Daar werd ik getroffen door het vakmanschap van therapeuten die lieten zien wat zij deden en waarom zij dat deden. Psychiater Saskia Knapen geeft de eenvoudige tip om, voordat je als behandelaar verhelderende vragen gaat stellen die het gezichtspunt van de patiënt uitdagen, altijd eerst de patiënt empathisch te valideren: ‘Ik snap dat je je verdrietig voelt als je denkt dat je vriendin een hekel aan je heeft.’ Psychiater en psychotherapeut Dorien Philipszoon laat prachtig zien hoe zij met eenvoudige vragen als ‘Wat vind je nu het engst van wat ik zeg?’ het angstniveau van haar cliënt reguleert.
Boosheid vraagt om een samengestelde reactie, schrijft Jan Baars, om begrip en begrenzing. Baars weet de ingehouden woede van een patiënt bespreekbaar te maken: ‘Ik kan je razernij hier in de kamer voelen’ – waarna de woede afneemt en er langzaam ruimte ontstaat om constructief na te denken. Ook schaamte dient met de nodige omzichtigheid te worden aangepakt. Psychoanalyticus Frank Schalkwijk benoemt eerst de weerstand, dan de schaamte en pas daarna de onderliggende gebeurtenis: ‘Het valt me op dat u zo plotseling op een ander onderwerp overgaat. Is het onaangenaam om uzelf weer in die situatie te zien?’ In haar mooie hoofdstuk over empathische breuken beschrijft psychiater en psychotherapeut Nelleke Nicolai het repareren van een contactbreuk als een belangrijk therapeutisch moment waarin patiënten zich begrepen en erkend voelen. Het opmerken van zo’n breuk noemt Nicolai expliciet de verantwoordelijkheid van de therapeut; de therapeutische relatie is immers in essentie ongelijkwaardig.
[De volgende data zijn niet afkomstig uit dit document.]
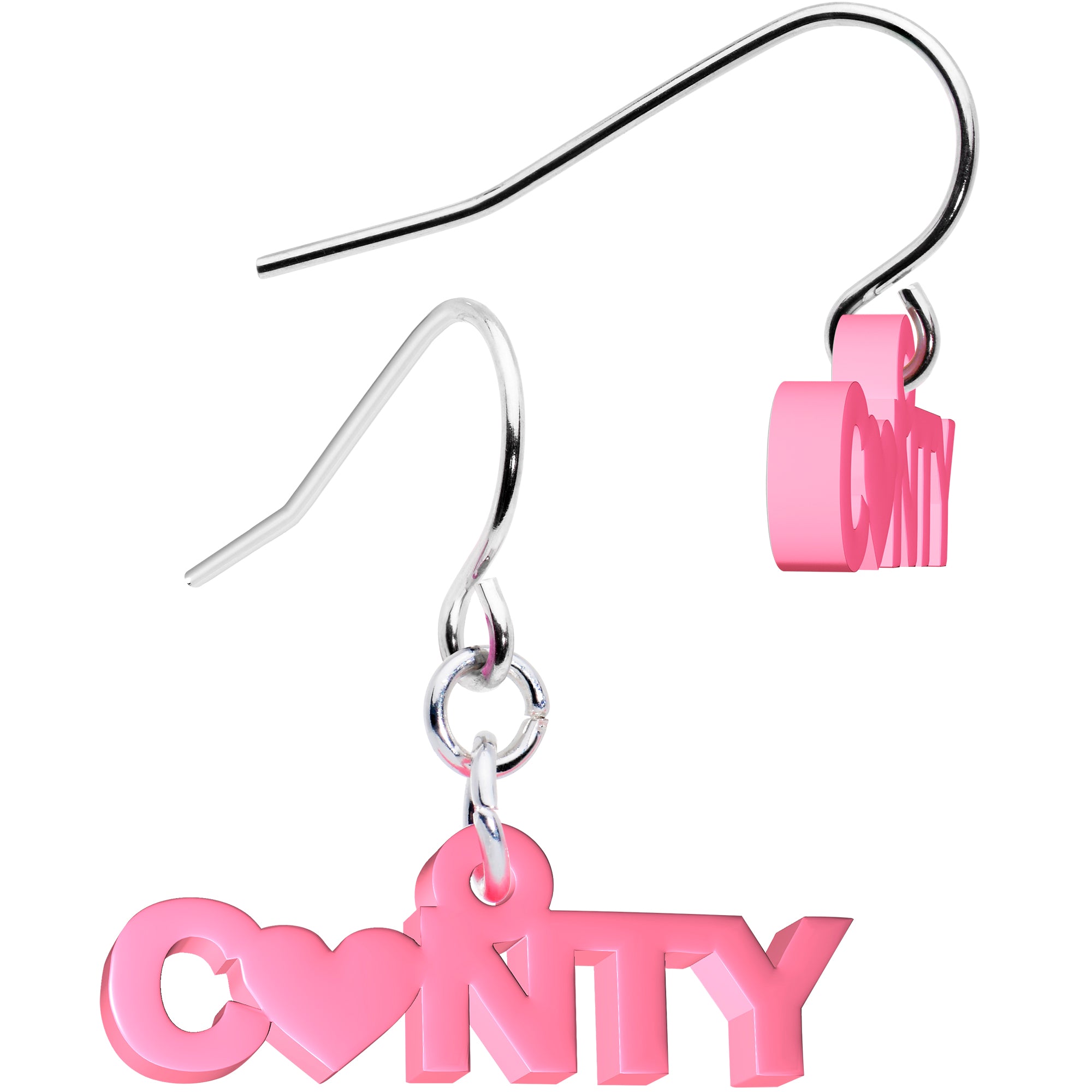 Say what you mean and mean what you say with these Cunty Earrings featuring an acrylic word charm with a heart. These dangle heart word earrings are perfect and comfortable to wear with their fishooks and lightweight design.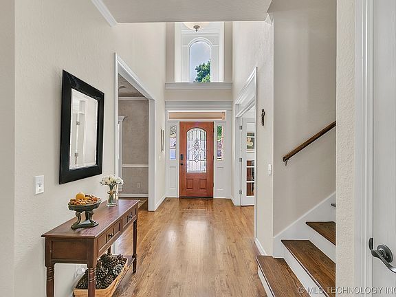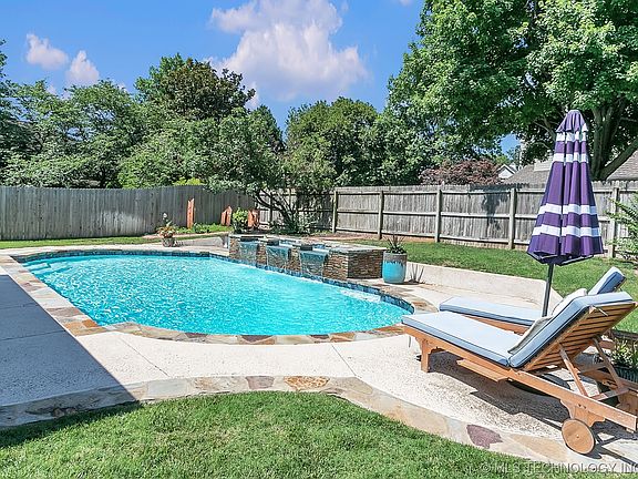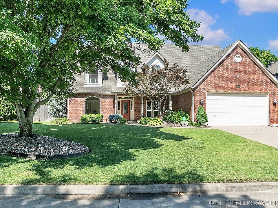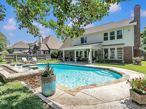 Take a refreshing dip in the saltwater pool, grill under the covered patio or simply unwind in the sun. This private retreat is ready for your enjoyment. Located in desirable Camelot Park and Jenks Southeast school system this impressive 4 bedroom home is a blend of casual elegance and functionality with 3.5 remodeled baths and a room arrangement that offers privacy and flexibility. A beautifully renovated kitchen by Kitchen Ideas combines a stylish aesthetic with custom cabinets and high end appliances and is sure to become the heart of the home with its massive island that provides space for gathering and culinary creations. Rich hardwoods are throughout the first level of this open family room with fireplace, large private office with bar access and formal dining. A main floor luxurious primary bedroom has a custom closet, upgraded bath and and 3 spacious bedrooms, an office that could be a fifthe bedroom and a large game room with a tree house feel. Great storage and upgrades throughout that will impress even the most discerning buyers.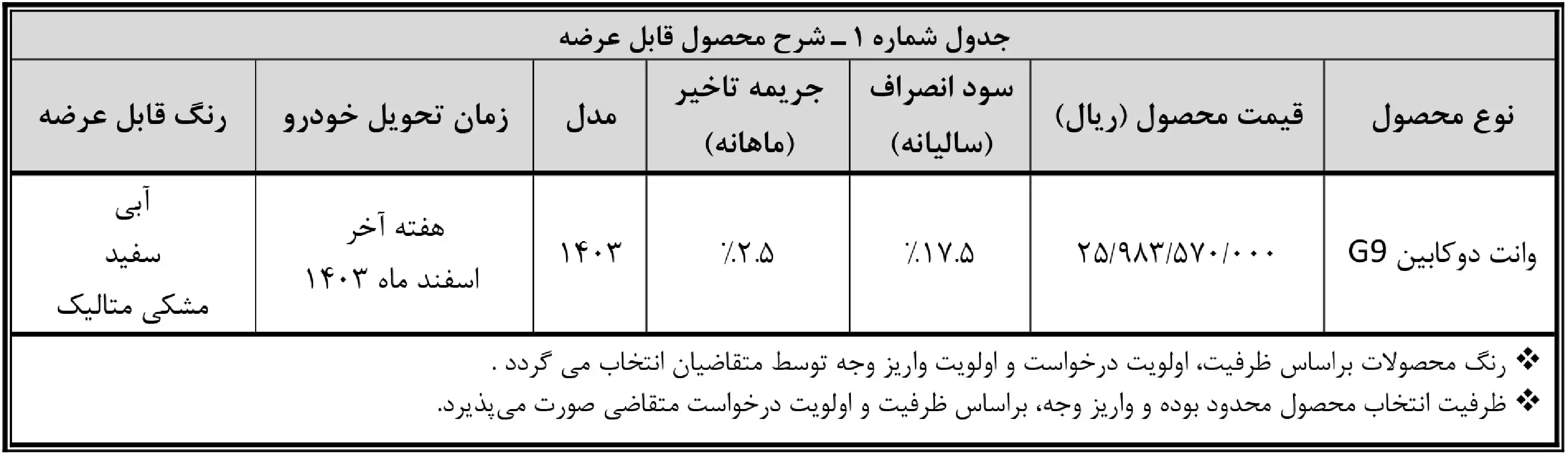 براساس بخشنامه فروش پیکاپ G9 بهمن موتور، تمامی خودروها با مدل 1403 تحویل خریداران می‌شوند. جزییات بیشتر را از لینک زیر دریافت کنید: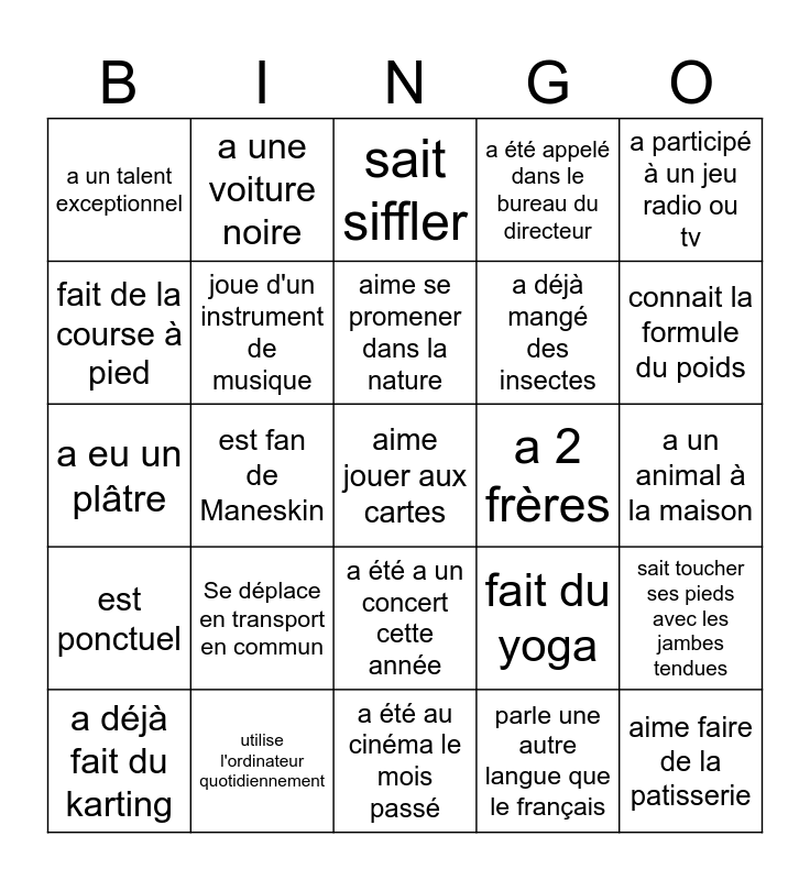This bingo card has a free space and 24 words: Se déplace en transport en commun, utilise l'ordinateur quotidiennement, aime se promener dans la nature, a déjà fait du karting, a participé à un jeu radio ou tv, a un talent exceptionnel, fait de la course à pied, a une voiture noire, a 2 frères, a été a un concert cette année, a déjà mangé des insectes, a eu un plâtre, fait du yoga, sait toucher ses pieds avec les jambes tendues, joue d'un instrument de musique, parle une autre langue que le français, a un animal à la maison, sait siffler, connait la formule du poids, est fan de Maneskin, aime faire de la patisserie, est ponctuel, a été appelé dans le bureau du directeur and a été au cinéma le mois passé.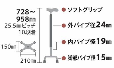 他の画像を見る ソフトグリップ スリム伸縮アルミ杖 定価 ¥ 6,600 スクリオ販売価格 ¥ 5,280 税込 パイプ(直径1.8cm)が細い分軽量になっていて、長時間のお出かけでも体の負担がかるくなります。 お気に入りに登録する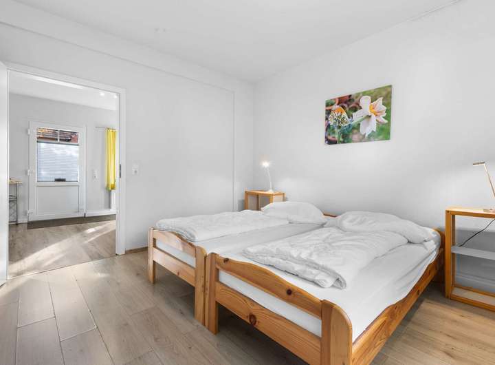 Im Erd- und Obergeschoss befinden sich drei vollständig ausgestattete Ferienwohnungen, die jeweils über moderne Bäder, separate Wohn- und Schlafbereiche und ansprechende Ausstattungen verfügen. Eine weitere Einheit wird derzeit als Hausmeisterwohnung genutzt und sichert den reibungslosen Betrieb im Ferienvermietungsalltag.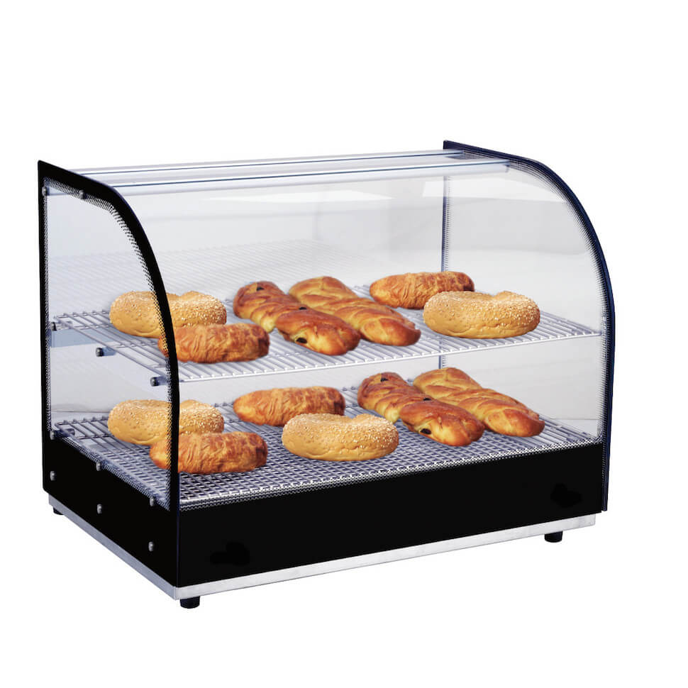 Warme Thekenvitrine 2 Böden gebogenes Hartglas DHN 500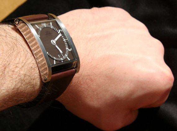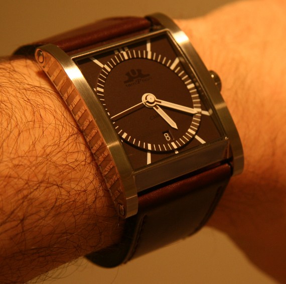 方形表壳宽 38 毫米,从表耳到表耳高约 50 毫米。方形会让它感觉比实际更大,这对于这样的案例来说是一件好事。整个表壳是弯曲的,因此它更好地贴合一个人的手腕。Cameo的酷之处在于整个表壳都是弯曲的,而不仅仅是背面。因此,它非常舒适(而且好看)。我会考虑将表耳集成到表壳结构中,表壳侧面有大型固定螺钉,这是整体设计的一个显着特征。棕色皮革表带与表盘颜色的情绪相得益彰,让我想起了Bell & Ross BR01腕表上的表带。表耳处的表带宽 30 毫米,最小点逐渐变细至 20 毫米。表带比您预期的要厚一些,但我很欣赏这种增加的重量。有人评论说,这是一款非常“看起来很男性化的手表,没有鲁莽”。将肩带固定在一起的是一个带有双按钮释放的折叠式金属扣。表带可轻松调整,适合任何手腕。诱惑实际上包括一个更大的带端,用于更大的手腕。有趣的是,在我狭窄的手腕上,我以最小的设置佩戴较小的表带。一个奇怪的点是刻有诱惑标志的方向和表扣上的签名。它看起来是颠倒的,至少从我习惯看到它的方式来看是这样。也许这是故意的,或者Temption的雕刻供应商搞砸了。真的没什么大不了的,但我认为值得指出。至少可以说,它增加了性格。总的来说,我不得不承认,拍手和表带设计得很好,搭配得很好——它们是手表的强项。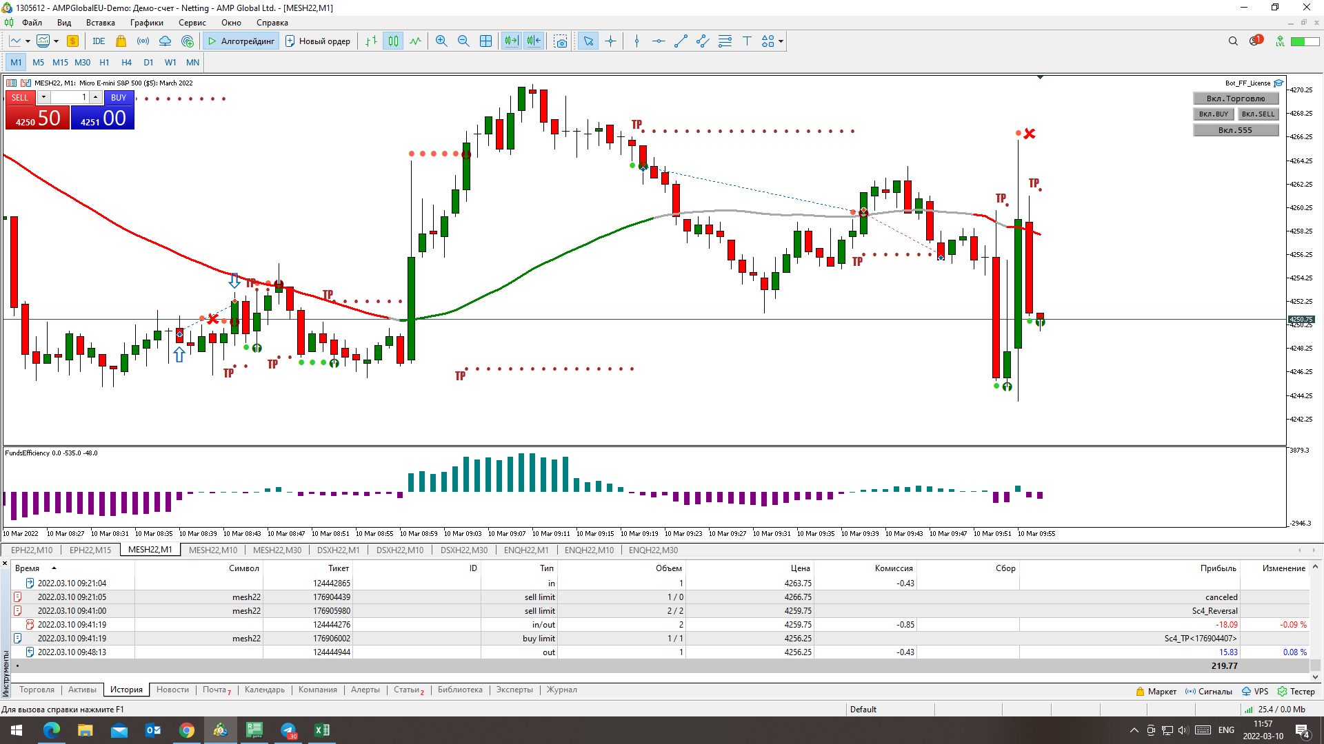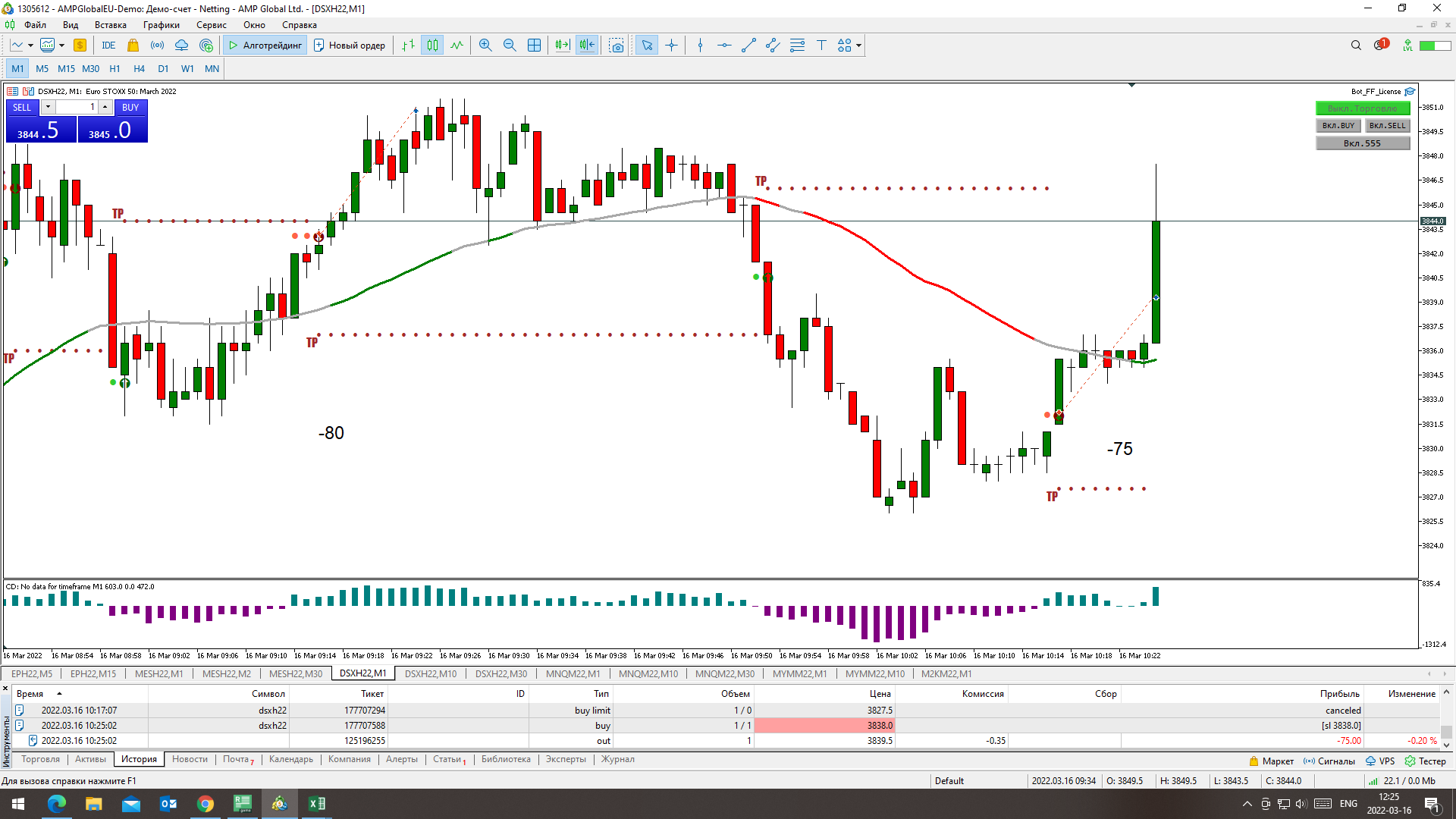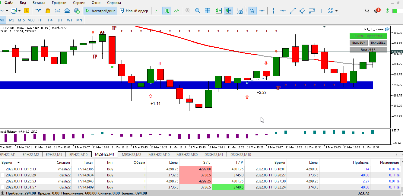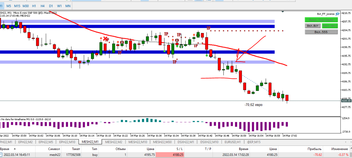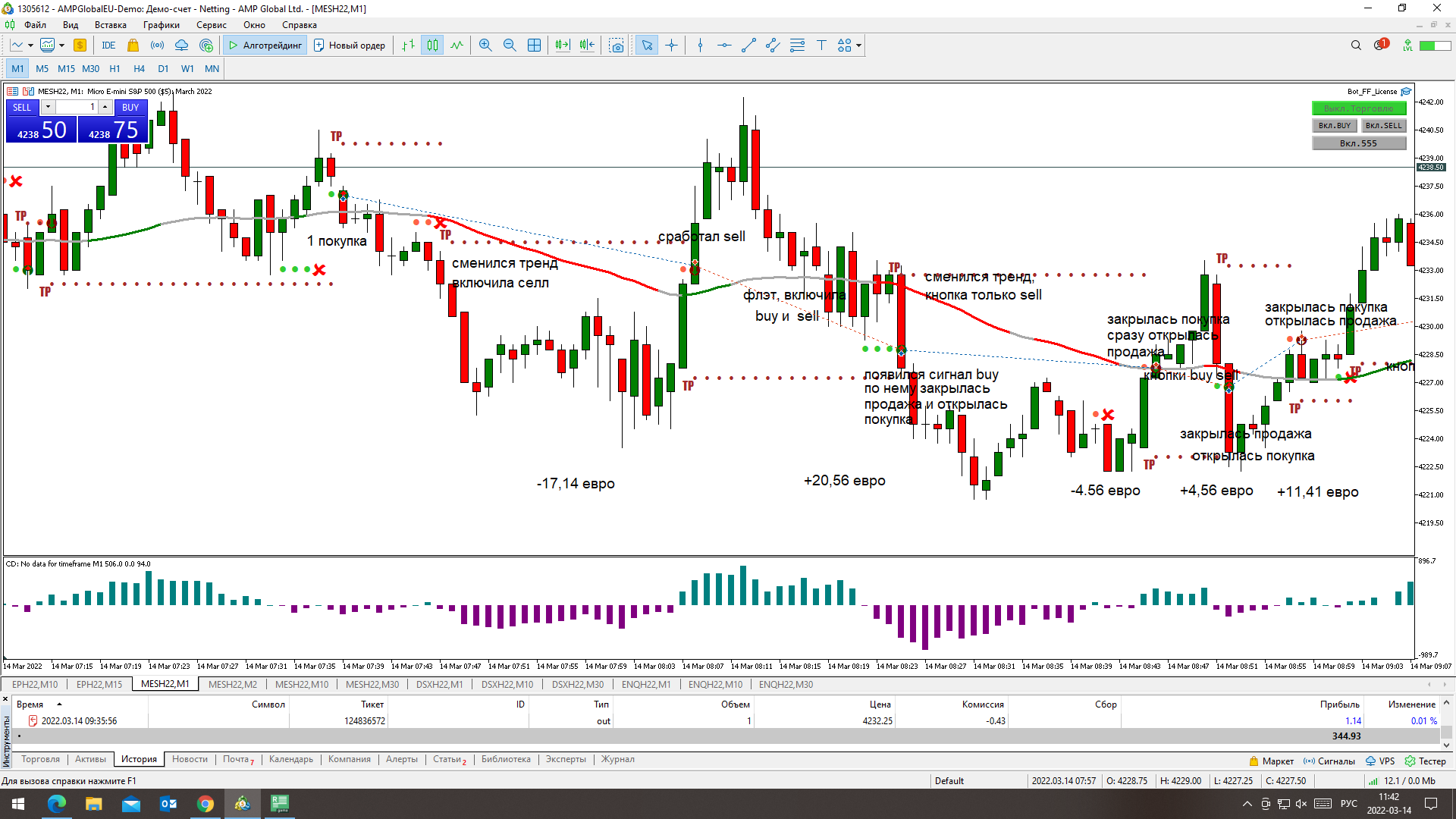 Сегодня решила торговать только ботом. Приняла во внимание рекомендации Дмитрия в ветке Татьяны. Результат по MESH +3.43 евро. Работы много, результата мало :))
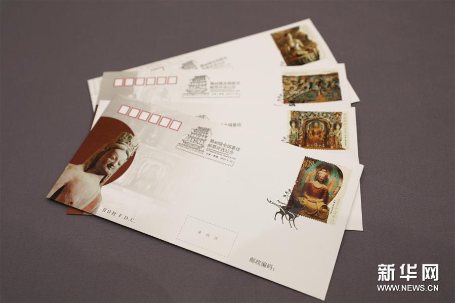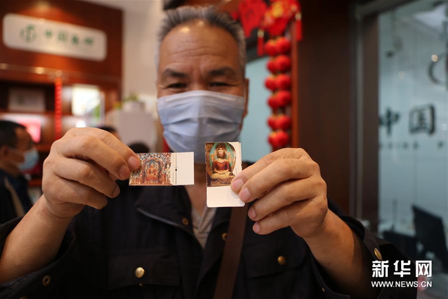 2020年9月26日,中国邮政发行《莫高窟》特种邮票一套4枚,小型张1枚。邮票计划发行数量为790万套,小型张计划发行数量620万枚。 新华社记者 李杰 摄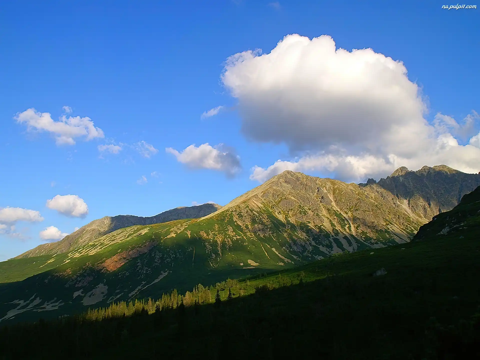 Plaża, Morze, Góra, Chmura Góra Chatka, Europa, Góry Rumianek, Mak, Łąka Gwiazdy, Niebo Góry, Chmury Góra choinki, Góry, Drzewa łąka, Góry Morze, Zachód Słońca, Chmura Łąka, Zachód, Słońca Sosny, Kopalnia, Piasku Księżyc, Łąka Morze, Chmura, Lato, Góry, Kamienie

Tot mijn verbazing liepen op dit punt de meningen in het boek enigszins uiteen. Zo noemt Anton Hafkenscheid gelijkwaardigheid een kernwaarde van interpersoonlijke therapie en wordt ook het contact tussen patiënt en therapeut als gelijkwaardig beschouwd wanneer de therapeut een bemiddelende positie inneemt. In mijn ogen is echter, ook in interpersoonlijke therapie, de therapeut-patiënt relatie per definitie een afhankelijkheidsrelatie, die zich kenmerkt door een gebrek aan wederkerigheid. De therapeut houdt immers bij wat hij zegt rekening met de behoeftes en het proces van de cliënt, en niet andersom. Dat maakt het lastig te begrijpen wat de auteurs precies bedoelen met gelijkwaardigheid. Hebben zij het over een gradueel verschil: het contact wordt gelijkwaardiger naarmate de therapeut minder sterk de rol van deskundige aanneemt?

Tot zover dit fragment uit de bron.